2. `install`: You are telling the `pip` program that you want to install something
3. `-e`: This is what is known as a "flag". The `-e` flag tells `pip` that you want to do an _editable_ installation. An editable installation is one where you can continue to work on your package, live, and Python will always link to the latest version (it's like copying a shortcut to your package in the Python "site-packages" directory where new packages are installed instead of making a copy of your package).
4. `my_package/`: This tells `pip` that you want to install the package contained in the directory, `my_package`

## Running tests in pytest

Unlike the Jupyter environment, pytest is a _command-line_ application. You use pytest through a _terminal_.

Navigate to your tests directory by using the `cd` command ("change directory").

List the contents of a directory by using the `ls` command ("list directory").
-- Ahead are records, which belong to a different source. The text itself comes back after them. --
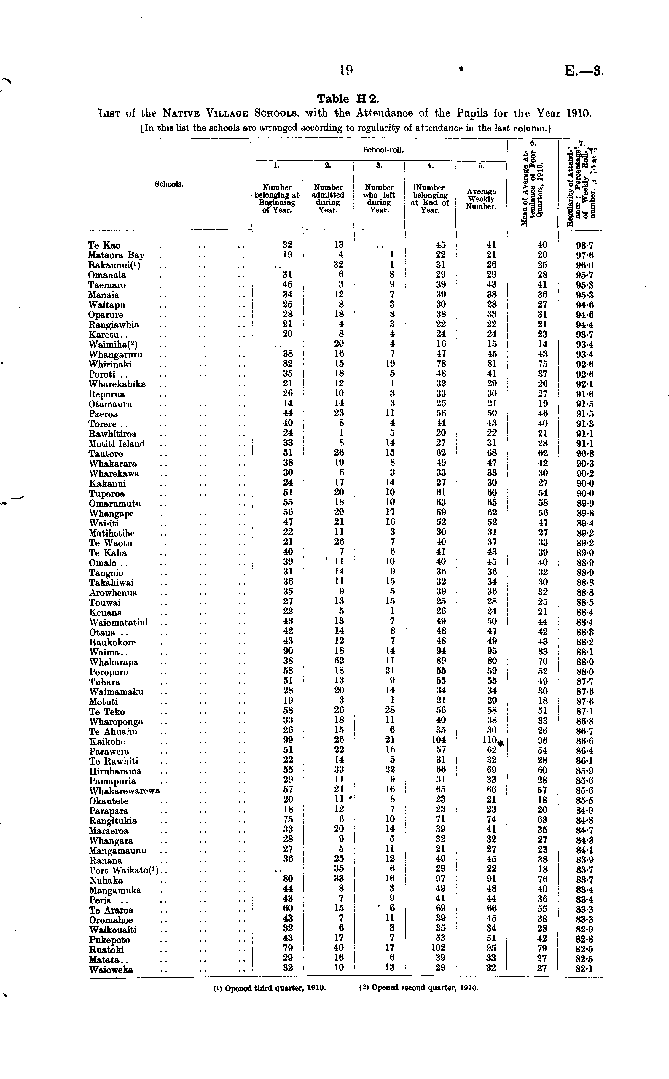 Table H2. List of the Native Village Schools, with the Attendance of the Pupils for the Year 1910.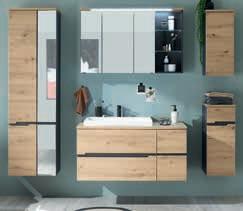 Kopalnica, artisan hrast/siva, širina: 110 cm, sestavljena iz: umivalnika z omaro pod umivalnikom in omaro z ogledalom z osvetljavo. Dodatno pohištvo za doplačilo, 201782/5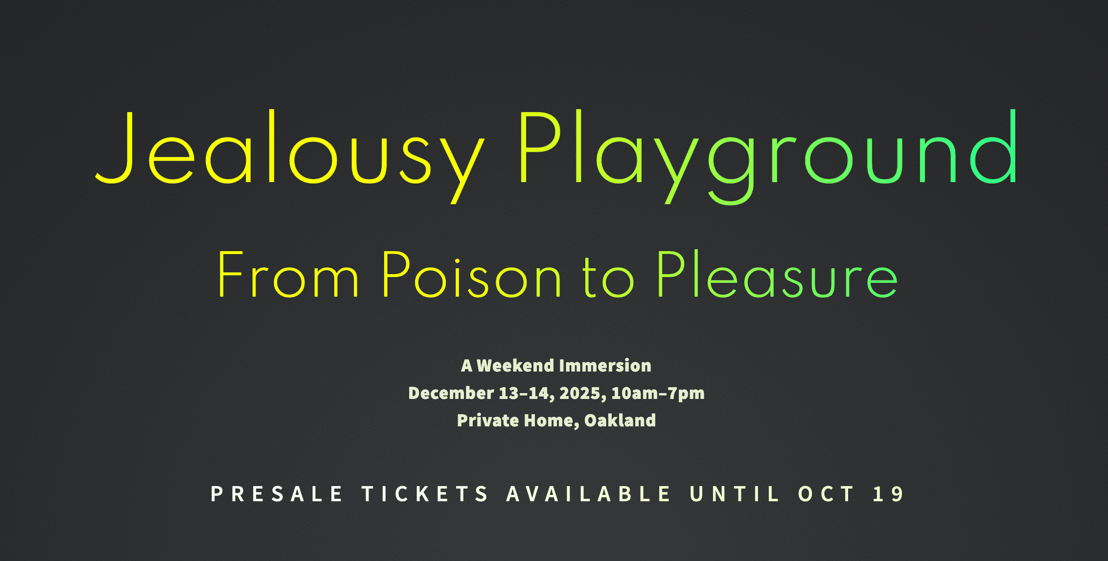 A Weekend Immersion | December 13–14, Oakland Jealousy. That raw, electric emotion we're taught to fear, avoid, or hide. But what if jealousy isn't poison at all? What if it's the doorway to deeper pleasure? In this weekend immersion, we'll explore jealousy not as something to fix, but as a powerful portal into eros, truth, and liberation. We'll transmute what once felt toxic into something deliciously alive—turning poison into pleasure, shadow into fuel. I'm honored to co-facilitate with two extraordinary teachers: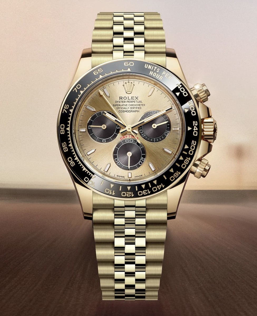 這是一個純粹建立在錶迷渴望上的預測!如同GMT-Master II系列提供五珠帶(Jubilee bracelet)選項,Monochrome認為將五珠帶導入Daytona系列將會帶來誘人的視覺效果,預測假想圖中包含了不鏽鋼熊貓面、黃金綠面(John Mayer 2.0)、白金藍面,甚至還構想出從未出現過、配備黑色陶瓷圈的黃金材質五珠帶款式。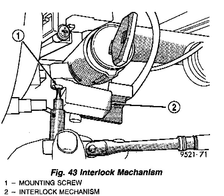 5. Remove the two interlock mechanism-to-steering column attaching screws (Fig. 43). Remove the interlock housing.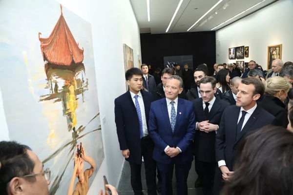 喻红为法国总统马克龙讲解自己的作品《巡视》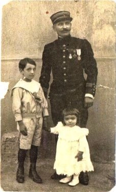 Pierre Mazou, père de François. Le garçon le plus grand c’est Jean, le frére ainé et le bebé est François, en 1915, habillé en petite fille comme le voulait la coutume. Les deux frères feront la Guerre d’Espagne et la Resistance

Once you are in your `my_package` directory, run pytest:

```bash
pytest
```

-OR-

In a Jupyter cell, run the following:

```python
!pytest
```

# Addendum: Useful packages in the Python standard library

Python is often referred to as a "batteries included" language. This is because it has a large "standard library" of pre-installed packages.

These packages allow you be productive quickly because you do not need to "re-invent the wheel" if you want to complete a common task like, say, sending an email (just do `import email` to import the `email` package from the standard library).
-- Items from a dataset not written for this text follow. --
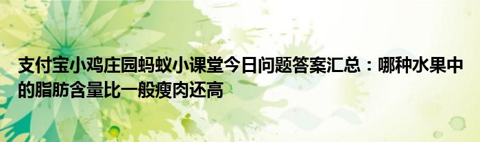 相信現在大家對于小雞莊園每日問答都是非常關心的吧,并且近期發現很多小伙伴都很想知道支付寶小雞莊園螞蟻小課堂今日問題答案匯總:哪種水果中的脂肪含量比一般瘦肉還高這個問題,那么既然現在小伙伴們對于支付寶小雞莊園螞蟻小課堂今日問題答案匯總:哪種水果中的脂肪含量比一般瘦肉還高都是非常好奇的,小編今天就在網上收集了一些關于支付寶小雞莊園螞蟻小課堂今日問題答案匯總:哪種水果中的脂肪含量比一般瘦肉還高的一些相關信息,下面就由小編來給大家分享下吧。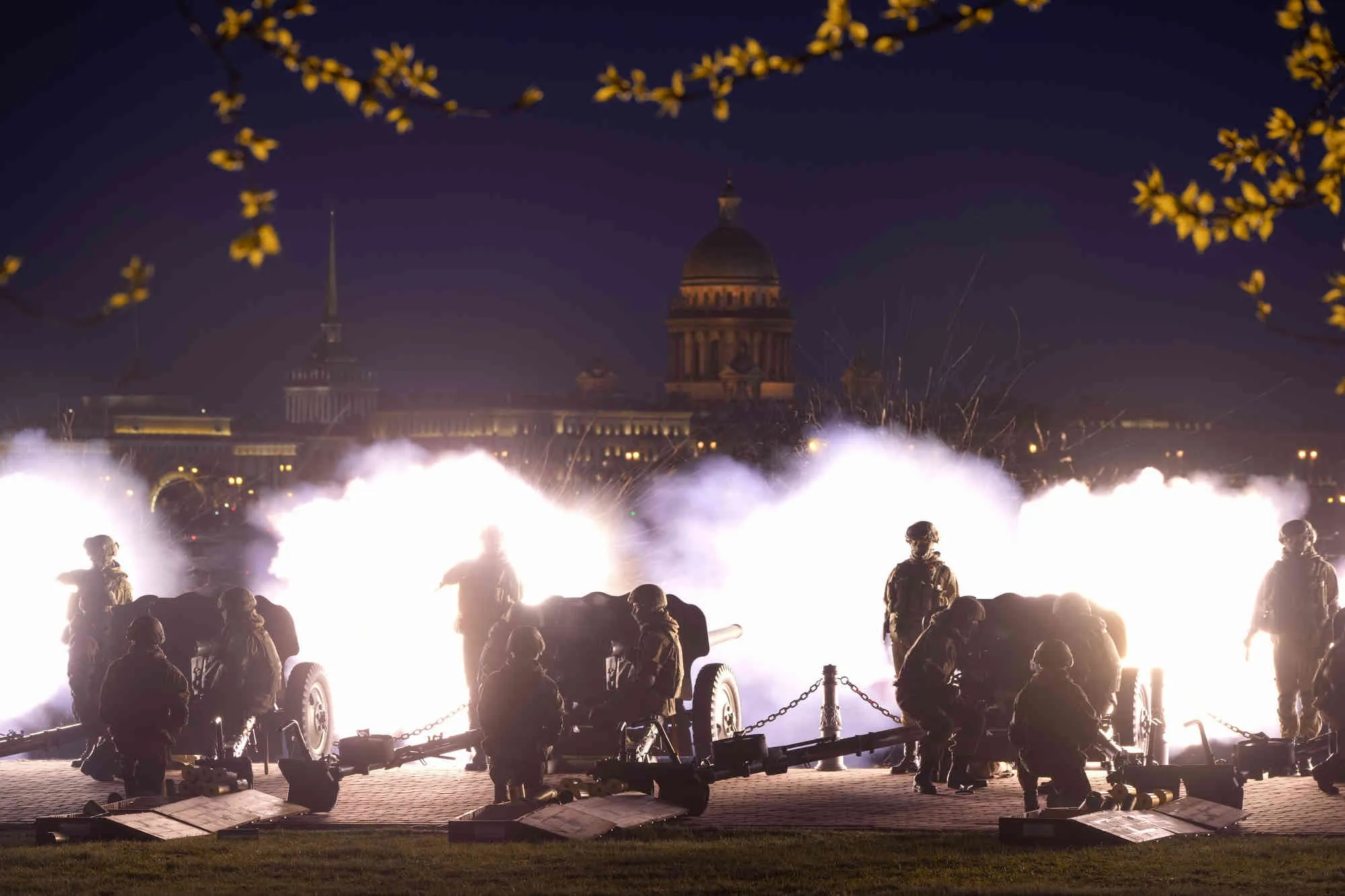 Guns fire a salute during Victory Day, the 77th anniversary of the end of World War II in Europe in St. Petersburg, Russia, Monday, May 9, 2022. (Photo by Dmitri Lovetsky/AP Photo)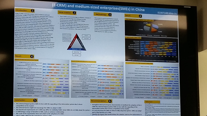 这位学生来自香港,主题是“中国中型企业的电子客户关系管理”。为了完成该论文,他向国内数百个企业发送邮件、通过调查问卷等方式,了解客户关系管理系统的应用情况。该海报分析现状、潜在问题、解决方向。小伙子海报做得有数据、有图形,做得实在好,以致于老师只是简单提了一个问题,就说没有什么需要问的了,perfect。如图3所示。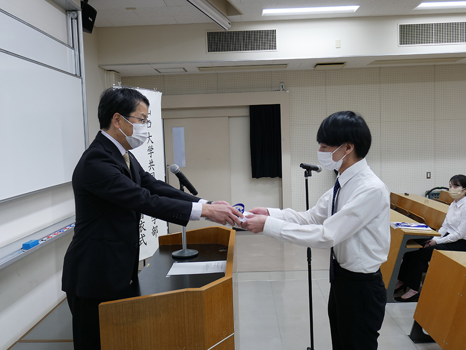 その後,学生代表の刀根朋史さんが学生授与代表として,Student Doctor認定書と共同獣医学部(VetJapan South)ロゴ入り白衣を授与されました。

You can [click here](https://docs.python.org/3/library/index.html) to see the complete list.

Below is a small list of standard library packages that I find to be useful on a semi-regular basis:

* `math` - For math functions (`sqrt()`, `sin()`, etc.)
* `pathlib` - For accessing files and file paths
* `datetime` - For working with dates, times, or getting the time right now
* `csv` - For easy _parsing_ of CSV/TSV files
* `json` - For easy parsing of _JSON_ files into Python dictionaries
* `xml` - For easy parsing of _XML_ files (such as Decon produces)
* `sys` - Accesses your computer system parameters
* `os` - Accesses your operating system
* `subprocess` - For running other command-line applications from within Python (e.g. spColumn)
* `random` - For generating pseudo-random numbers
* `itertools` - Simple functions for doing efficient loops
* `re` - For creating [regular expressions](https://en.wikipedia.org/wiki/Regular_expression)

In your own programs, you can import any of these standard library packages on any machine that runs Python without ever having to worry about whether or not they are installed or if they will work. They are always installed because they are a part of the standard library.